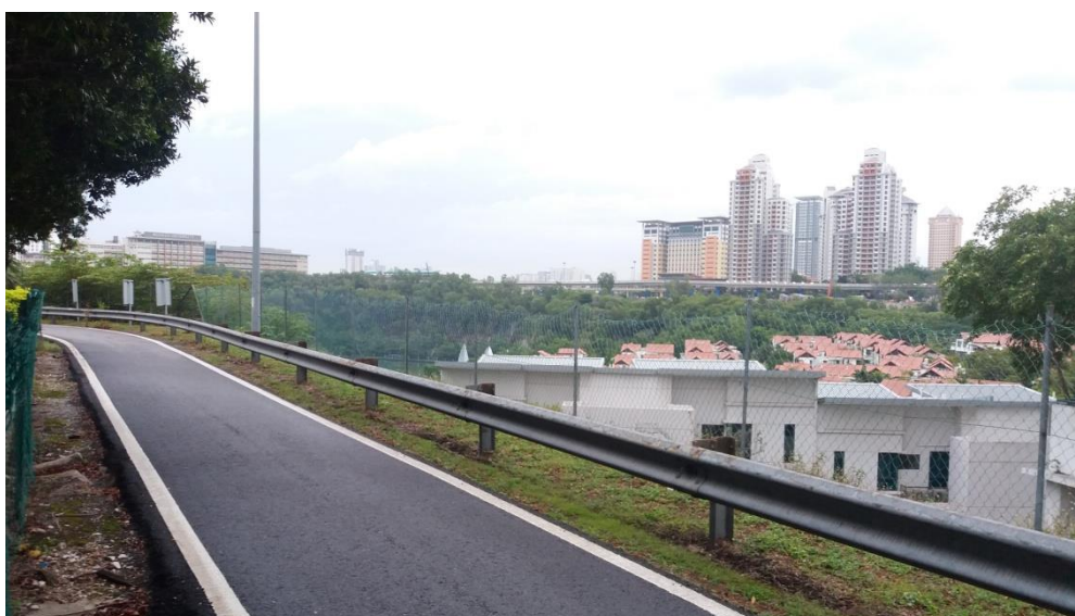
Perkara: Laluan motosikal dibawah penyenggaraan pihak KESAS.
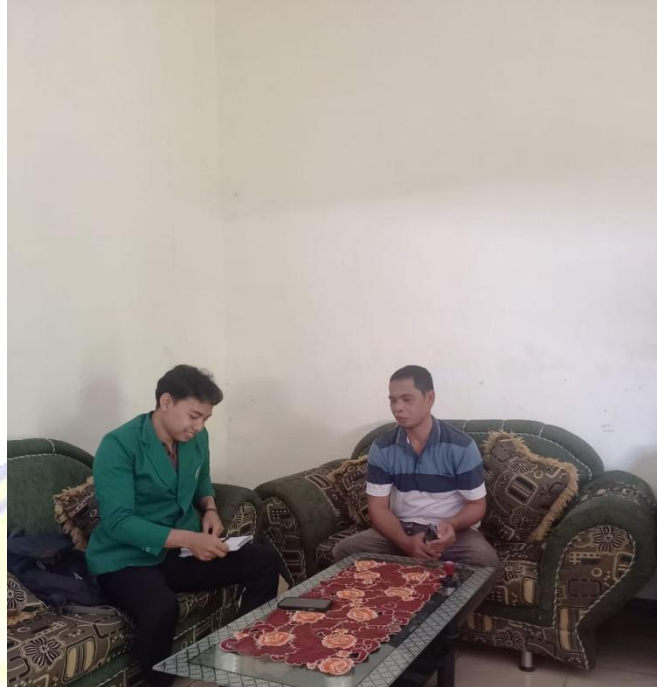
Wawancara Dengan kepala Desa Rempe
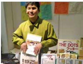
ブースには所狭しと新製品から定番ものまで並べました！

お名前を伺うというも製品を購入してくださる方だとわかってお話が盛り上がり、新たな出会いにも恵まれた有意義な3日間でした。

--------------------------------

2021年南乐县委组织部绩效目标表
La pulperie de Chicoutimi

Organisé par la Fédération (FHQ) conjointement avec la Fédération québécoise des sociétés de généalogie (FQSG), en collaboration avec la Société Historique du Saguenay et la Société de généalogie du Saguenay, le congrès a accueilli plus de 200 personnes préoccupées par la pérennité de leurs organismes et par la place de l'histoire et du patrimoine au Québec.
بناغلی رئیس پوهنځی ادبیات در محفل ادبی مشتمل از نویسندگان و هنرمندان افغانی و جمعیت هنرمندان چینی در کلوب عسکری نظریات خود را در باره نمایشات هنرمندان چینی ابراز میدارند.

--------------------------------

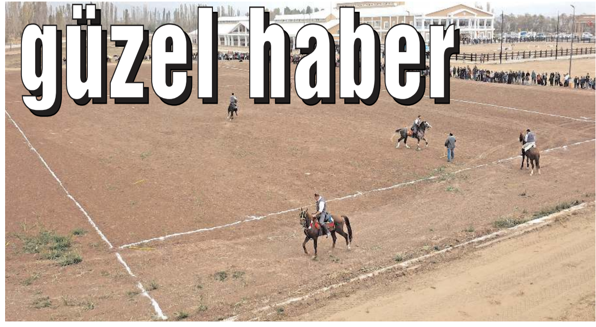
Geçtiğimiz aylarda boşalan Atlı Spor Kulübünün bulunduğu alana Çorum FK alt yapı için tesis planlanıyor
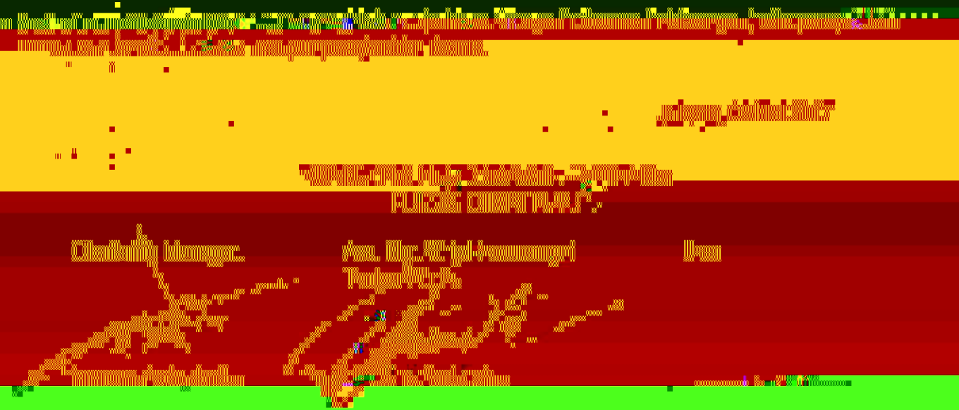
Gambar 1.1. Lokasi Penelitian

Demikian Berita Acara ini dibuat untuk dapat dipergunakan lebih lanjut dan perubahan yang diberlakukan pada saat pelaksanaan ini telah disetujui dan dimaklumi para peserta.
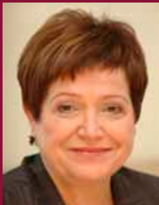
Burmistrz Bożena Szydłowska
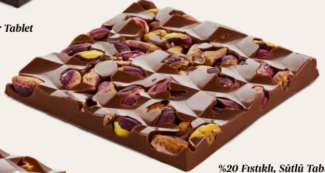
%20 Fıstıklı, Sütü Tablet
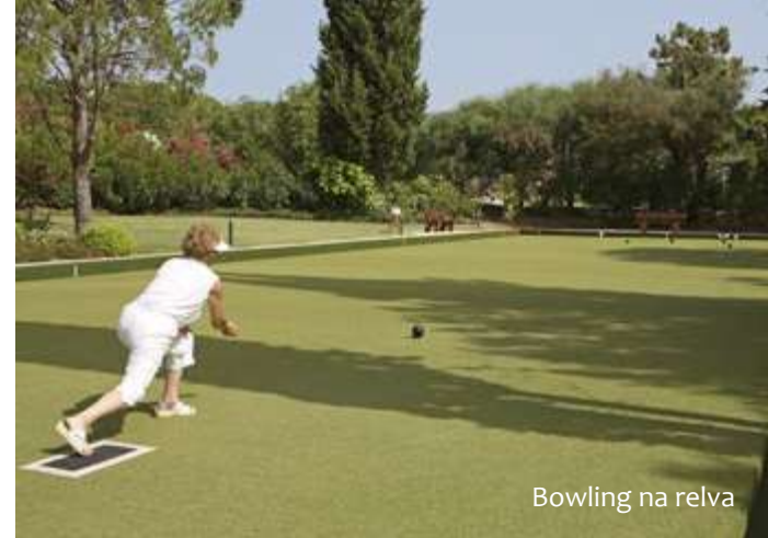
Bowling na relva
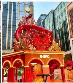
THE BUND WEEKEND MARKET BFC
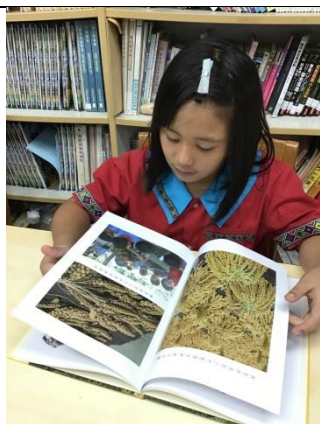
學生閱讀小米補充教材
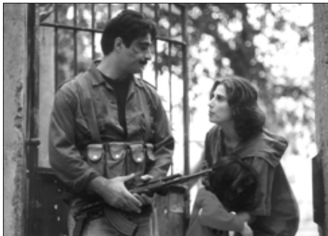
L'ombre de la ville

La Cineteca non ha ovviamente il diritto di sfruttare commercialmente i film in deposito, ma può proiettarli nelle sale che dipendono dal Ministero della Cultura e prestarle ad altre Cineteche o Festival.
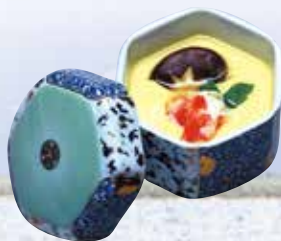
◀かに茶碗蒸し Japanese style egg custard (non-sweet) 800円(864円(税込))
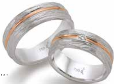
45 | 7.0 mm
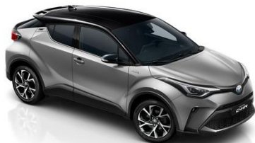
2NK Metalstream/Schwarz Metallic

--------------------------------

#### TASK PROMPT
Using the data above, print exactly the lines from the line that contains "2021年南乐县委组织部绩效目标表" through the line that contains "بناغلی رئیس پوهنځی", with both included.

#### WRITTEN ANSWER
2021年南乐县委组织部绩效目标表
La pulperie de Chicoutimi

Organisé par la Fédération (FHQ) conjointement avec la Fédération québécoise des sociétés de généalogie (FQSG), en collaboration avec la Société Historique du Saguenay et la Société de généalogie du Saguenay, le congrès a accueilli plus de 200 personnes préoccupées par la pérennité de leurs organismes et par la place de l'histoire et du patrimoine au Québec.
بناغلی رئیس پوهنځی ادبیات در محفل ادبی مشتمل از نویسندگان و هنرمندان افغانی و جمعیت هنرمندان چینی در کلوب عسکری نظریات خود را در باره نمایشات هنرمندان چینی ابراز میدارند.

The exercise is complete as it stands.